A very positive note from FXCM's Q4 numbers is that margins from retail volume (blue line above) have remained very steady, at around 2.0 pips earned per round-trip trade over the past two years. This is where FXCM makes most of its money, and if FXCM can continue to integrate acquisitions (and grow volume organically) while keeping margins at this level, then we think the future is very bright indeed for FXCM.
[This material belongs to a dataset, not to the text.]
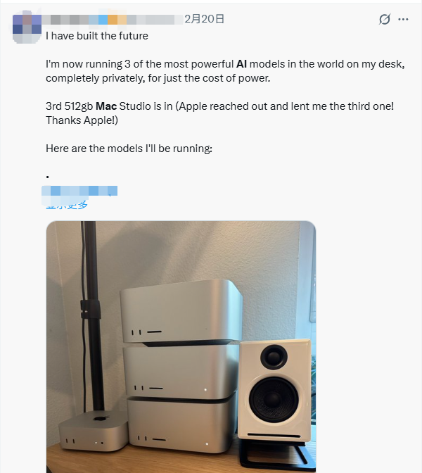 在X(原Twitter)上,多台Mac mini堆叠排列在一起的照片开始疯传,配文也充满了新技术浪潮初起时特有的兴奋感:“我的家庭AI算力中心上线了!”“未来CEO和他的员工们。”甚至还有人表示,“投资大脑,从投资硬件开始。”与此同时,科技博主们连夜赶制“Mac mini AI服务器搭建全攻略”,YouTube上迅速涌现出大量教程视频。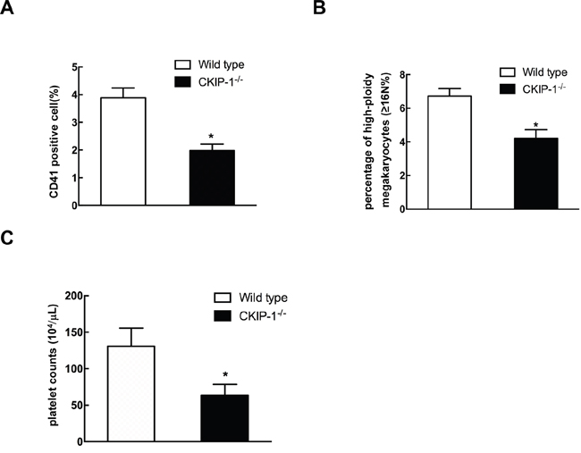 In order to further analyze the role of CKIP-1 during megakaryocytes development in vivo, we examined the expression of surface markers CD41 in CKIP-1 deficient mice. Flow cytometric analysis of bone marrow cells harvested from femurs of CKIP-1-/- mice showed a decrease in CD41-positive cells when compared to wild-type controls (Figure 7A). Furthermore, in vivo megakaryocyte ploidy in bone marrow from CKIP-1-/- mice was statistically significant decreased when compared to bone marrow from wild-type littermates (Figure 7B). Circulating platelet levels in CKIP-1-/- mice were decreased when compared with wild-type mice (Figure 7C), which maybe a result of reduced number of megakaryocytes.

Institutional margins (red line above), however, tell a different story, with pips-earned falling by more than 50% from 2010 levels, reflecting an ultra-competitive institutional and ECN market in Forex. (We have also seen trends of falling ECN margins, such as at FXall). While FXCM has grown institutional volumes nicely, from about $50 billion per month two years ago to nearly $150 billion per month today, that growth has barely moved the needle at all in creating revenue for FXCM. While institutional volumes are closing in on being 1/3 of overall FXCM volumes, those volumes generate less than 7% of FXCM's trading revenues.

2. Most of FXCM's growth has been in Asia.

FXCM vol geo Q411 FXCM vol geo Q410

In Q4 Asia represented nearly half (47%) of FXCM's retail volume, up from 37% in Q4 last year, and less than 1/3 of volumes less than two years ago.

This move to Asia is not too surprising, given that FXCM made two acquisitions in Japan during 2011, although the impact from those acquisitions will be felt mostly in 2012. But clearly, Asia is the new battleground in Forex, with the leading global Forex firms positioning themselves for increased competition in Asia, and for the eventual opening of the Chinese retail market. This access-to-Asia push is one of the reason we have seen so much recent interest in Australia, with firms such as Saxo Bank, FxPro and AvaFX opening offices and growing their presences there.

3. New White Labels.

FXCM recently signed up E*Trade and its $180 billion in client assets as a White Label client for E*Trade's about-to-be-launched FX business. The deal is a 50-50 split in revenues. And FXCM projects that if just 1.5% of E*Trade clients take up FX trading, it could result in upwards of $200 million in annual revenue for FXCM (sounds somewhat overly-optimistic to us!). Apparently FXCM has two more large White Label deals in the works, one with a large European financial institution. Should be some announcements soon.